Sunday, 11 December 2011
Day 11 - 'Gabriel's Message' - Sting
Do they still have teachers who double-up on lessons?
We had a French teacher who also taught Religious Instruction (Mr Pilkington: ‘I don’t want you to take this literally, boys’ – he was an oddly elongated man who, rumour told, had been stretched by the Japanese during WWII, a rumour I’m ashamed to say I believed). Also, Mr Lemon who taught Music and P.E. meaning that he would often pound the piano keys while wearing a purple track-suit.

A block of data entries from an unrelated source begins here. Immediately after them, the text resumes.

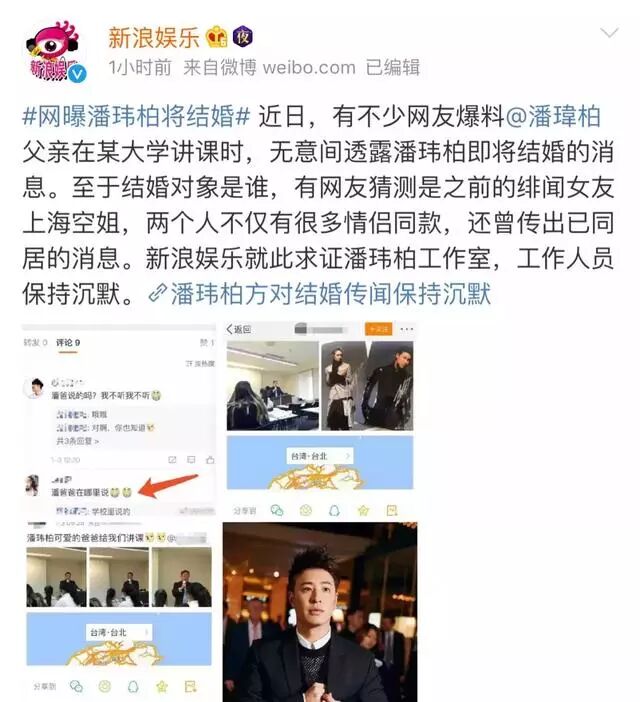 有网友爆料潘玮柏的爸爸在某高校上课的时候,无意间向同学们爆料潘玮柏就要结婚的消息。于是,有很多人开始纷纷猜测潘玮柏的结婚对象是谁,有人说是潘玮柏曾经的一个绯闻对象,一个上海空姐。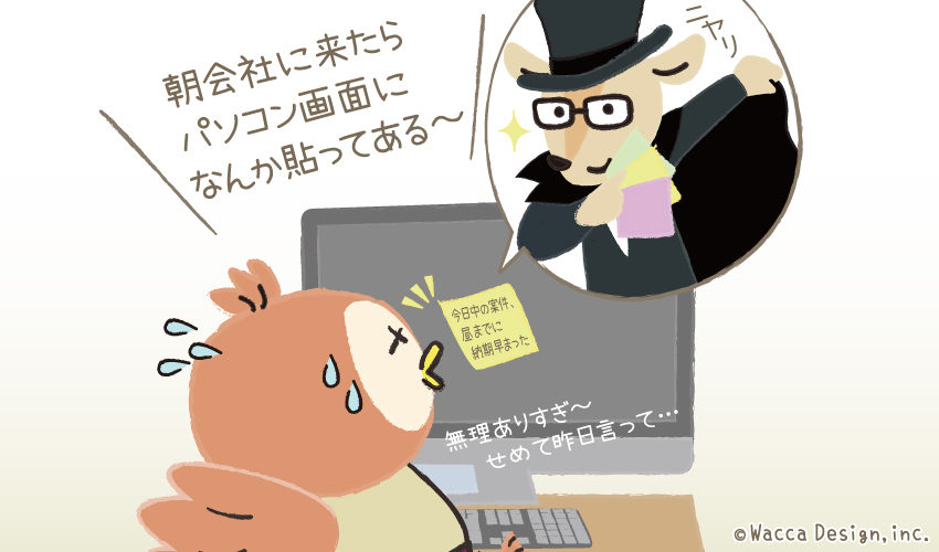 (」°ロ°)」「今日中の案件、昼までに納期早まった」 by怪盗わっかさん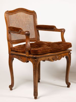 Pair of moulded, carved and caned wooden armchairs decorated…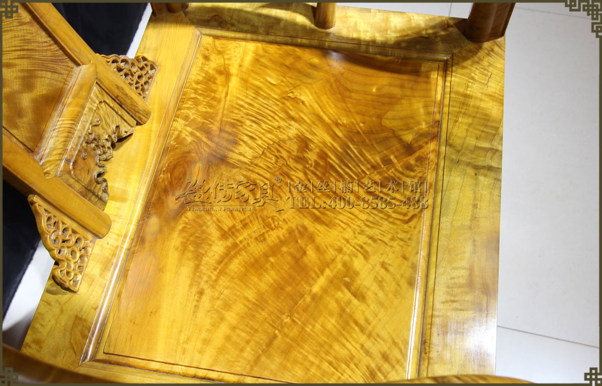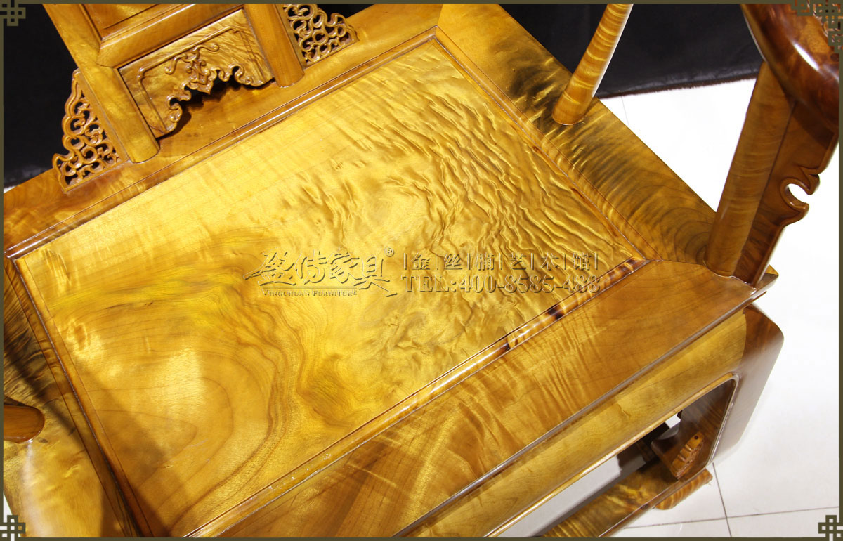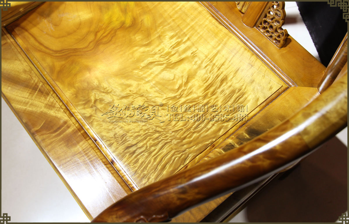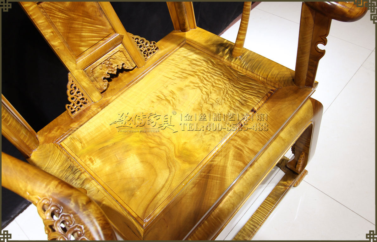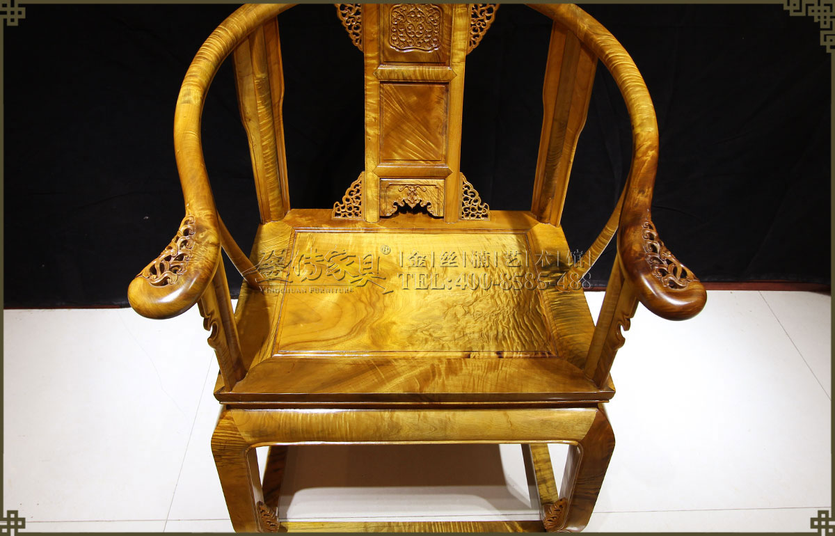介紹:此皇宮椅選料精,采用上好的金絲楠,金絲成色高,光照下金黃奪目,璀璨眩美,紋理移步換景,如行云流水,又像波濤……做工考究精細,有束腰帶拖泥,靠背和扶手符合人體工程學,線條流暢,不失明式家具之風格。雕飾精美繁多,但不顯得繁瑣,實乃古典家具中的精品。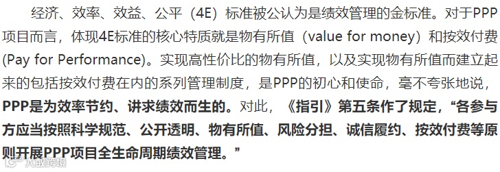 《指引》明确PPP项目绩效目标编制应该体现物有所值理念,体现成本效益的要求。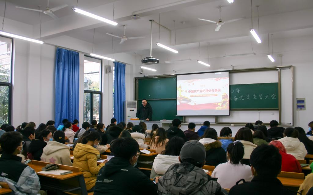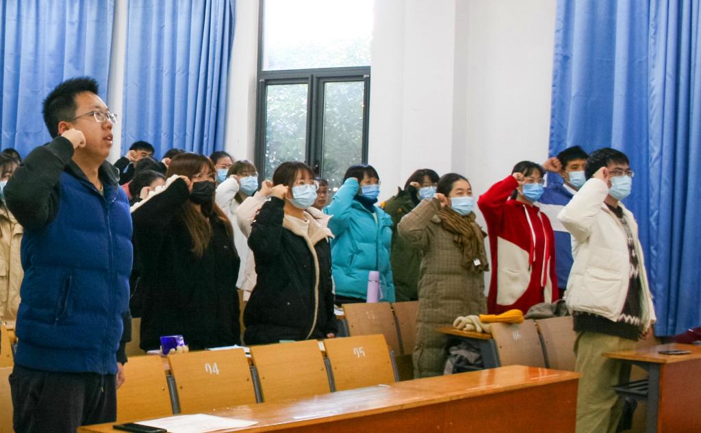 于四教C102教室召开本科生预备党员入党宣誓大会。学院本科生党建工作负责辅导员谭力铭主持会议。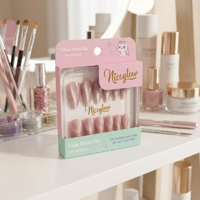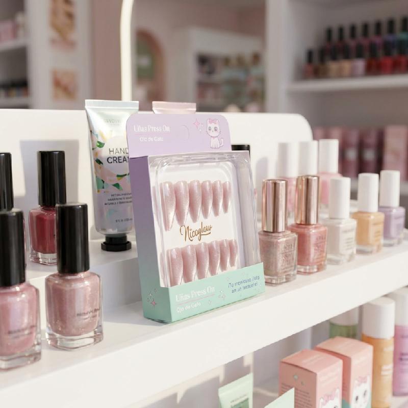 Material: Acrílico o gel press-on de alta durabilidad, reutilizables con pegamento adecuado.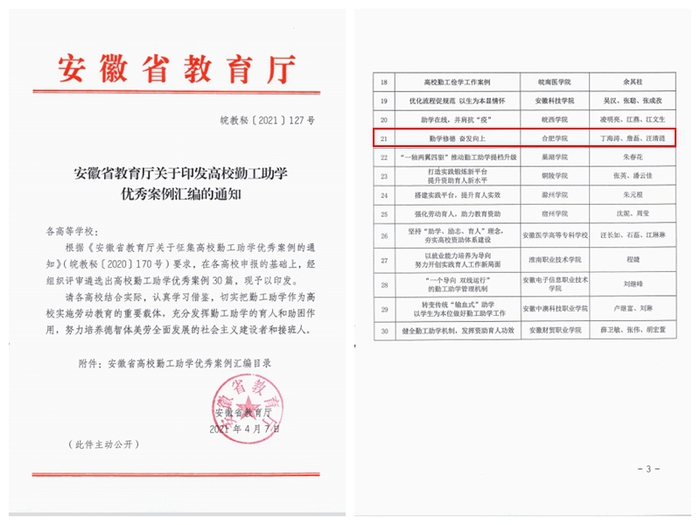 我校選送案例被安徽省教育廳遴選為高校勤工助學(xué)優(yōu)秀案例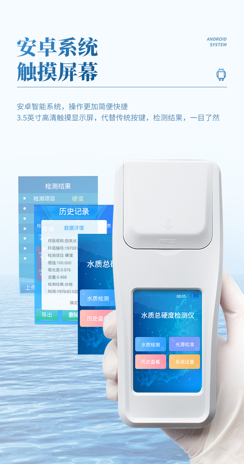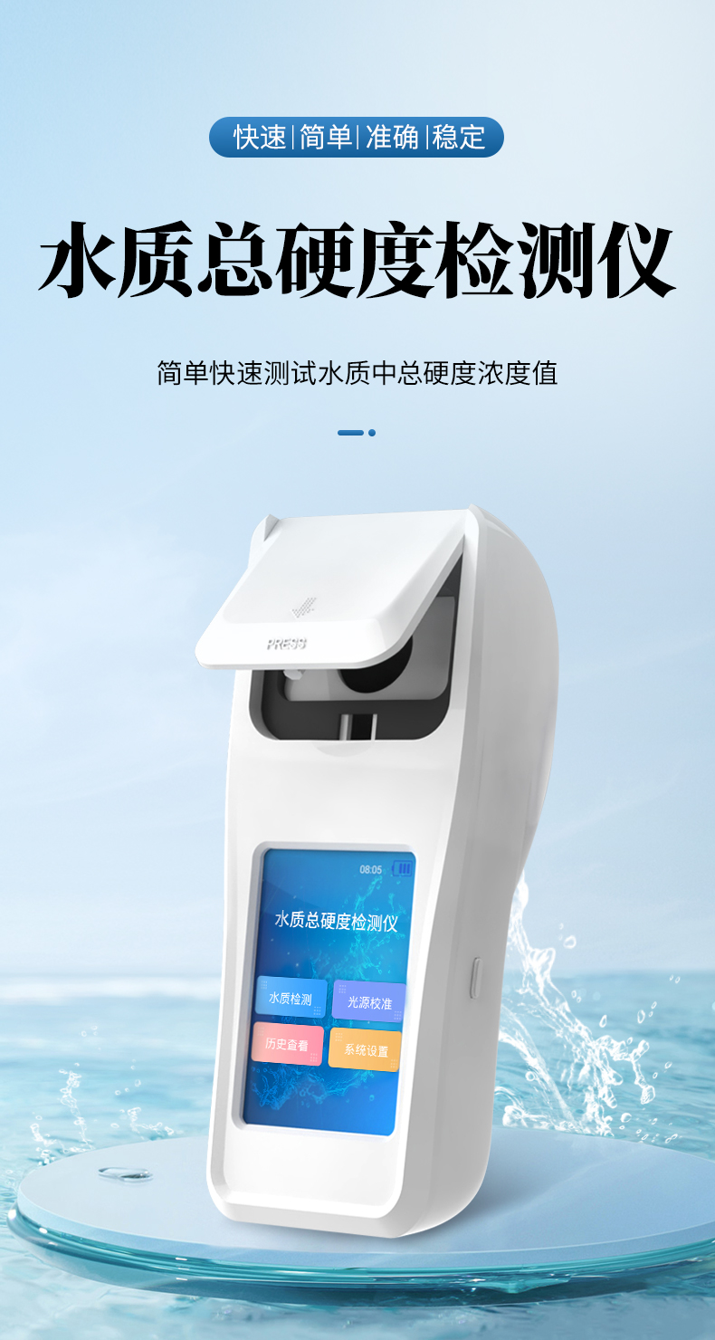 水質總硬度檢測儀可簡單快速測試水質中總硬度濃度值。利用比色法原理配合總硬度檢測試劑快速準確測試水中總硬度含量。

As is the wont of P.E. teachers he had a nasty streak in him that meant if you didn’t vault a horse or climb a rope properly, you were made to hang from the wall bars in a scene reminiscent of the end of Monty Python’s ‘The Life of Brian’ (but without the jolly song).

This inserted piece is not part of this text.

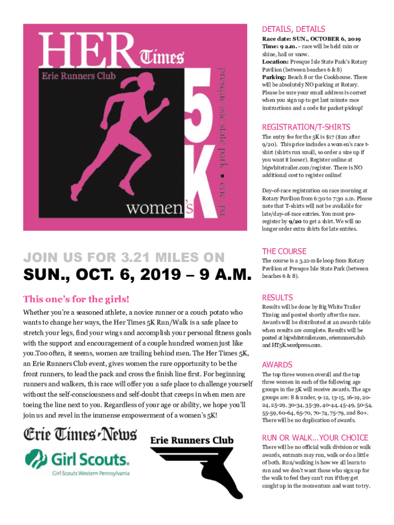 DETAILS, DETAILS Race date: SUN., OCTOBER 6, 2019, Time: 9 a.m. Race will be held rain or shine, hail or snow. Location: Pressure Isle State Parks Rotary Pavilion (between beaches 6 & 8) Parking:
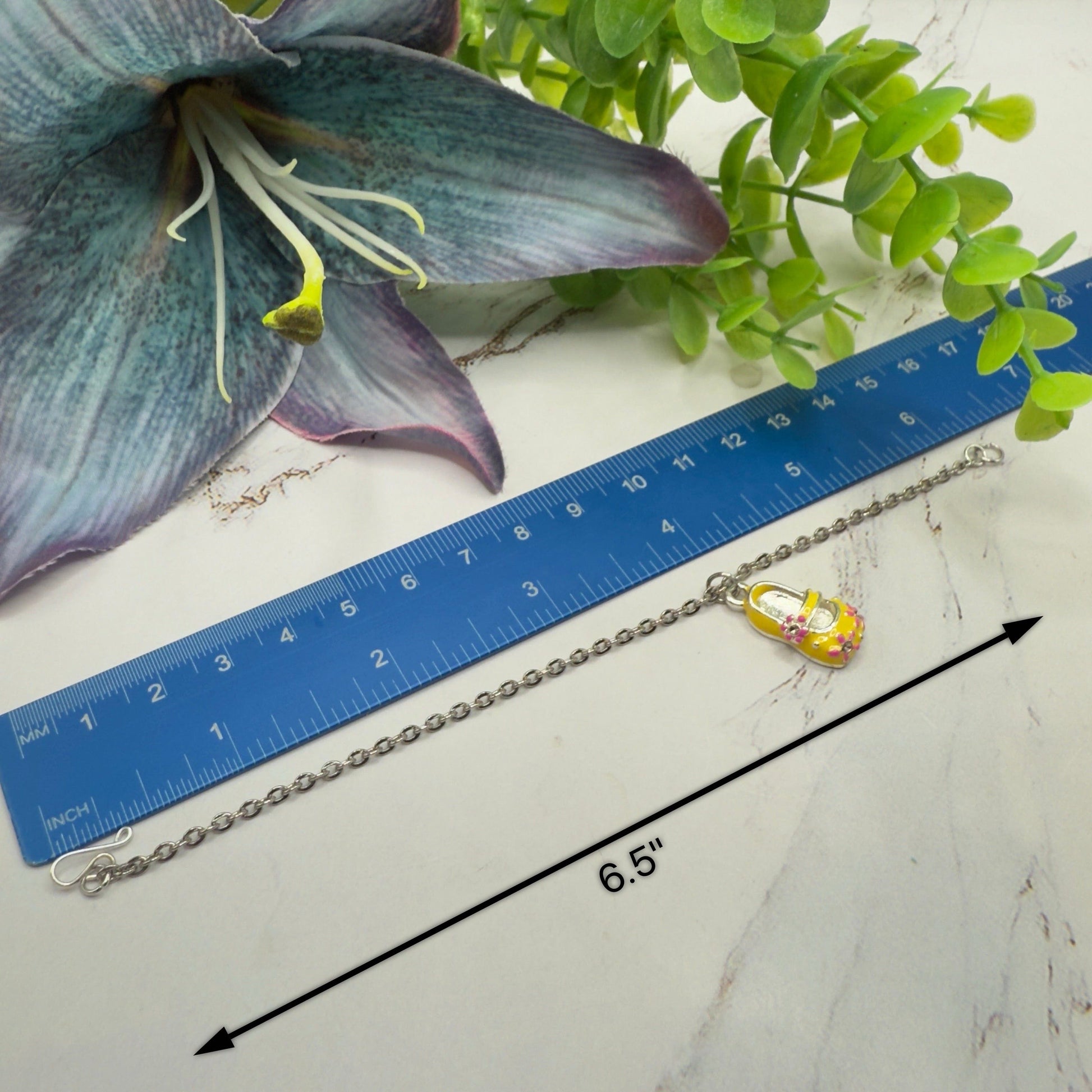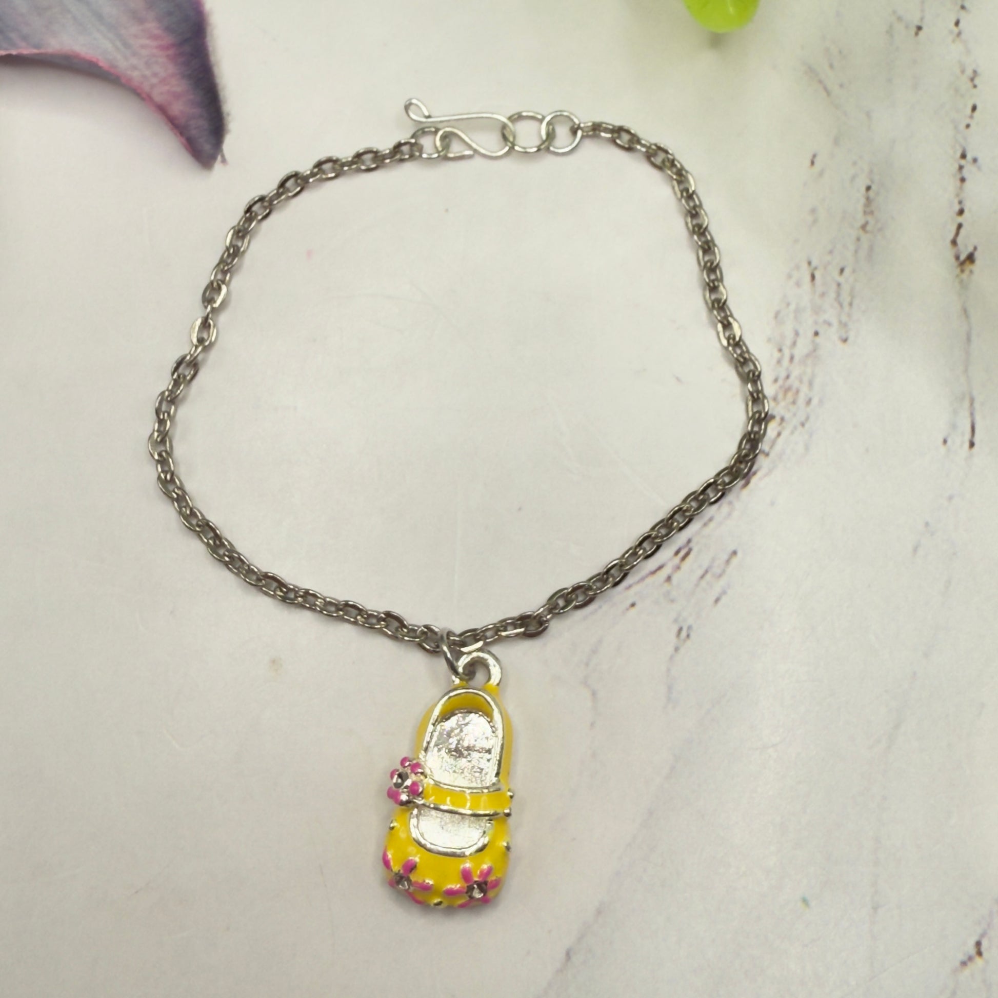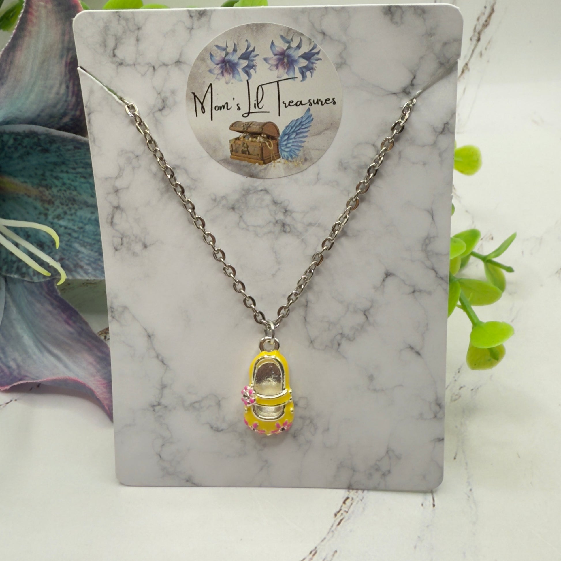 Yellow Marie Jane Shoe Charm w/ Pink Flowers Doll Necklace

As you dangled there like some cockney version of Jesus, you would try and rest your aching arms by putting your feet on a bar. At that, Mr Lemon would whirl round and flick your legs with a towel or once, as I bitterly recall, produce a steel ruler from his pocket. He’d probably be arrested today.
Anyway, it was Mr Lemon who had us singing this Carol from about September until the performance in front of all the parents at the School Carol concert in the week before Christmas so the cherubic, angelic-faced Blagg is still able to warble this to great effect.

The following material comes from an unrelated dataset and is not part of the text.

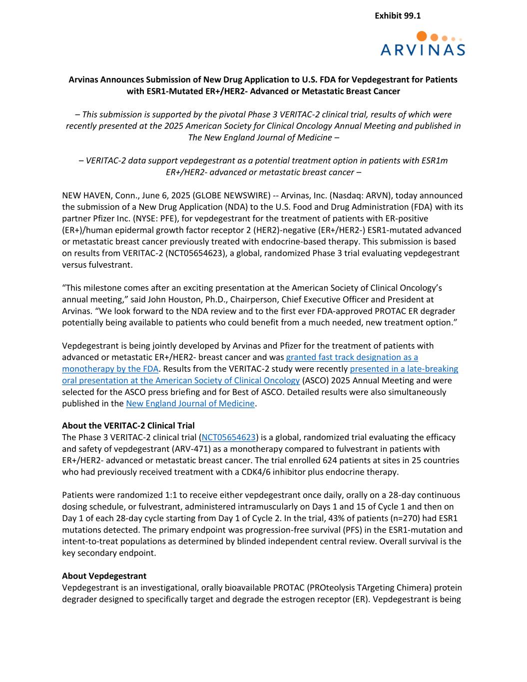 Arvinas Announces Submission of New Drug Application to U.S. FDA for Vepdegestrant for Patients with ESR1-Mutated ER+/HER2- Advanced or Metastatic Breast Cancer – This submission is supported by the pivotal Phase 3 VERITAC-2 clinical trial, results of which were recently presented at the 2025 American Society for Clinical Oncology Annual Meeting and published in The New England Journal of Medicine – – VERITAC-2 data support vepdegestrant as a potential treatment option in patients with ESR1m ER+/HER2- advanced or metastatic breast cancer – NEW HAVEN, Conn., June 6, 2025 (GLOBE NEWSWIRE) -- Arvinas, Inc. (Nasdaq: ARVN), today announced the submission of a New Drug Application (NDA) to the U.S. Food and Drug Administration (FDA) with its partner Pfizer Inc. (NYSE: PFE), for vepdegestrant for the treatment of patients with ER-positive (ER+)/human epidermal growth factor receptor 2 (HER2)-negative (ER+/HER2-) ESR1-mutated advanced or metastatic breast cancer previously treated with endocrine-based therapy. This submission is based on results from VERITAC-2 (NCT05654623), a global, randomized Phase 3 trial evaluating vepdegestrant versus fulvestrant. “This milestone comes after an exciting presentation at the American Society of Clinical Oncology’s annual meeting,” said John Houston, Ph.D., Chairperson, Chief Executive Officer and President at Arvinas. “We look forward to the NDA review and to the first ever FDA-approved PROTAC ER degrader potentially being available to patients who could benefit from a much needed, new treatment option.” Vepdegestrant is being jointly developed by Arvinas and Pfizer for the treatment of patients with advanced or metastatic ER+/HER2- breast cancer and was granted fast track designation as a monotherapy by the FDA. Results from the VERITAC-2 study were recently presented in a late-breaking oral presentation at the American Society of Clinical Oncology (ASCO) 2025 Annual Meeting and were selected for the ASCO press briefing and for Best of ASCO. Detailed results were also simultaneously published in the New England Journal of Medicine. About the VERITAC-2 Clinical Trial The Phase 3 VERITAC-2 clinical trial (NCT05654623) is a global, randomized trial evaluating the efficacy and safety of vepdegestrant (ARV-471) as a monotherapy compared to fulvestrant in patients with ER+/HER2- advanced or metastatic breast cancer. The trial enrolled 624 patients at sites in 25 countries who had previously received treatment with a CDK4/6 inhibitor plus endocrine therapy. Patients were randomized 1:1 to receive either vepdegestrant once daily, orally on a 28-day continuous dosing schedule, or fulvestrant, administered intramuscularly on Days 1 and 15 of Cycle 1 and then on Day 1 of each 28-day cycle starting from Day 1 of Cycle 2. In the trial, 43% of patients (n=270) had ESR1 mutations detected. The primary endpoint was progression-free survival (PFS) in the ESR1-mutation and intent-to-treat populations as determined by blinded independent central review. Overall survival is the key secondary endpoint. About Vepdegestrant Vepdegestrant is an investigational, orally bioavailable PROTAC (PROteolysis TArgeting Chimera) protein degrader designed to specifically target and degrade the estrogen receptor (ER). Vepdegestrant is being Exhibit 99.1

Of course, admitting you quite like a Sting track is almost the same as admitting to enjoying bestiality porn but this was originally a ‘B side’ to Sting’s ‘Russians’ so probably comes from the ‘Blue Turtle’ sessions; the last time I think it was OK to say you liked the former Mr Sumner. Which reminds us that Sting was himself a former teacher – I wonder if he ever doubled up on lessons? If he still carries a steel ruler in his pocket it would reveal much about why he always seems so smug and annoying.